Я всегда тосковал по форме более емкой,
что была бы ни слишком поэзией, ни слишком прозой
и позволила бы общаться, не обрекая никого, 
ни автора, ни читателя, на страдания высшего толка.

В самой сути поэзии есть непристойное что–то:
возникает из нас нечто, о чем мы не знали, что в нас оно есть,
а мы таращим глаза, словно из нас выпрыгнул тигр
и стоит в круге света, похлестывая себя хвостом по бокам.

Поэтому правильно говорится, что стихи нам диктует демоний,
хоть наивно считается, что это, конечно же, ангел.
Трудно понять, откуда берется вся эта гордость поэтов, 
если стыдно бывает им оттого, что заметна их слабость.

Какой же разумный хотел бы стать прибежищем духов,
что живут в нем, как в собственном доме, вещая на разных наречиях,
и, как будто им мало было украсть его голос и руку, 
они для собственного удобства пытаются даже влиять на его судьбу?

Поскольку нынче в цене то, что носит приметы болезни, 
кто–то может подумать, что я просто шучу,
или, что я открыл еще один способ
прославлять Искусство посредством иронии.

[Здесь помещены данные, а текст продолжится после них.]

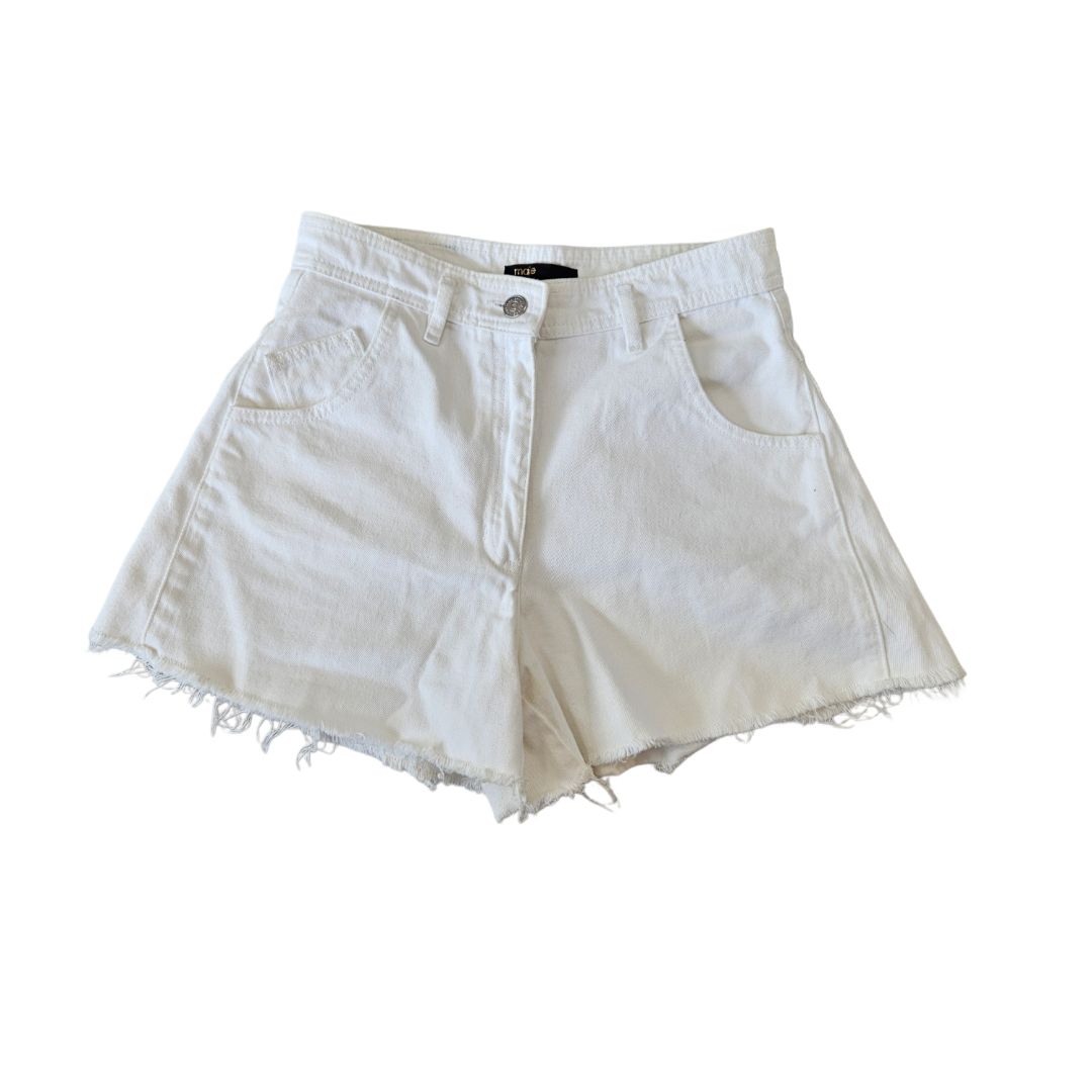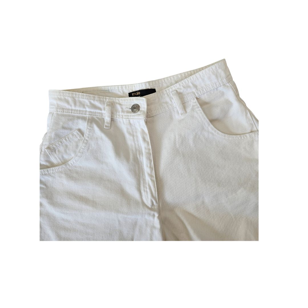 Maje Denim White Fringe Short
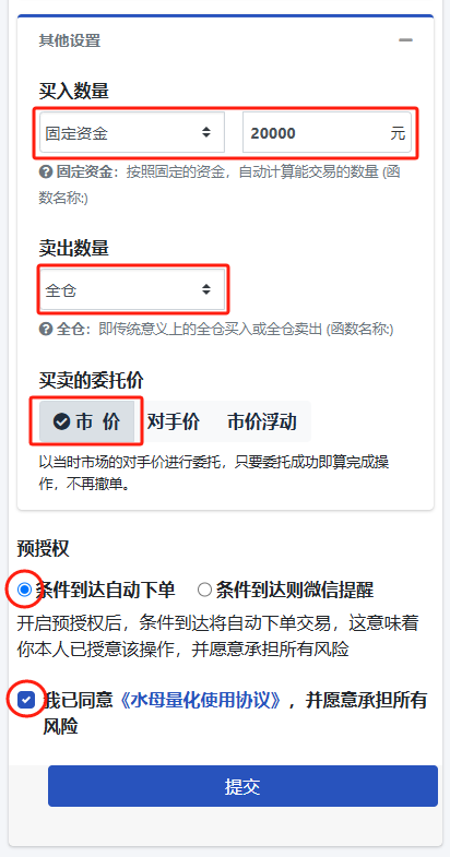 最后,我们只需要填入需要买卖的委托数量、买卖的委托价以及勾选预授权和使用协议并提交,即可自动生成全自动实盘交易程序。
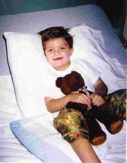Cole is doing much better! Everyday he does something that shocks his doctors and delights his family and friends. He is regaining his fine motor skills and just this weekend (September 27-28, 2003), he whispered his first words since the accident. Physical therapy, along with everyone's prayers and happy thoughts, are helping him tremendously. His next hurdle will be to learn to walk again. Please keep him in your thoughts and prayers and check out the pictures of Cole and his family below!
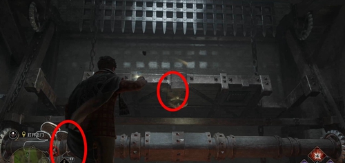跳下去使用箱子堵住断裂的楼梯,再爬上去
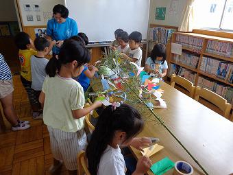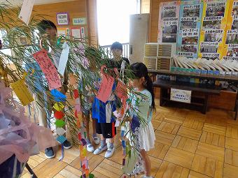 KLVの皆さんが、高学年昇降口前と図書室に、七夕飾りのついた竹を用意してくださったので、学年ごとに願いを書いた短冊を竹に取り付けました。「今年も学校の思い出がたくさんできますように。」「家族が幸せでいられますように。」・・・。すべての願い事が天に届きますように。
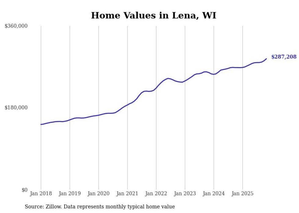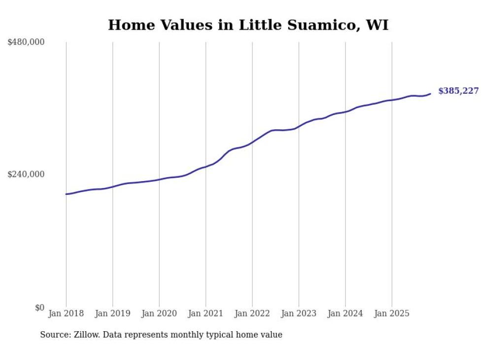 Stacker compiled a list of cities with the most expensive homes in the Green Bay, WI metro area using data from Zillow. Charts show the monthly typical home value since January 2018.
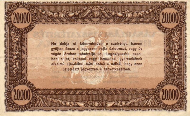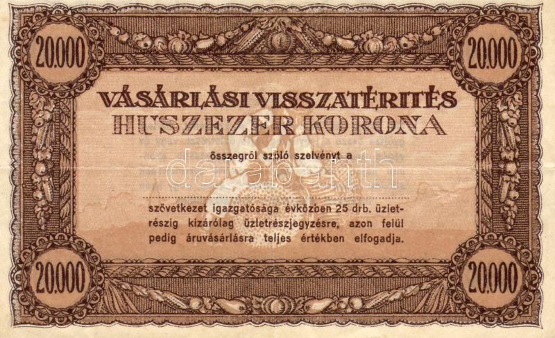 1920-as évek 20.000K vásárlási visszatérítés "...szövetkezeti üzletrés... https://www.darabanth.com/de/41-Fernauktion/41.0/Numismatik/~154/1920-as-evek-20000K-vasarlasi-visszaterites-szovetkezeti-uzletresz-TII~II79234
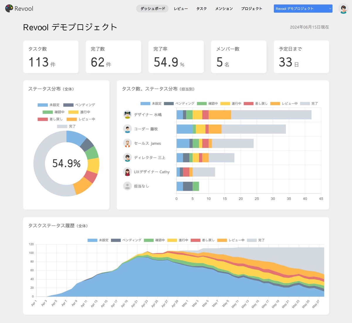 Revoolのダッシュボードでは、プロジェクト全体のタスク数やタスク完了率に加え、担当者別のタスク数からステータス分布が一目でわかります。

Было время, когда читались лишь мудрые книги
те, что помогают сносить боль и несчастье.
Но ведь это не то же самое, что заглядывать в тысячи 
текстов родом прямо из психиатрической клиники.

А ведь мир совсем не такой, как нам кажется,
и мы совсем не такие, как в собственных бреднях.
Потому–то все люди хранят молчаливую благопристойность,
добиваясь этим уважения родственников и соседей.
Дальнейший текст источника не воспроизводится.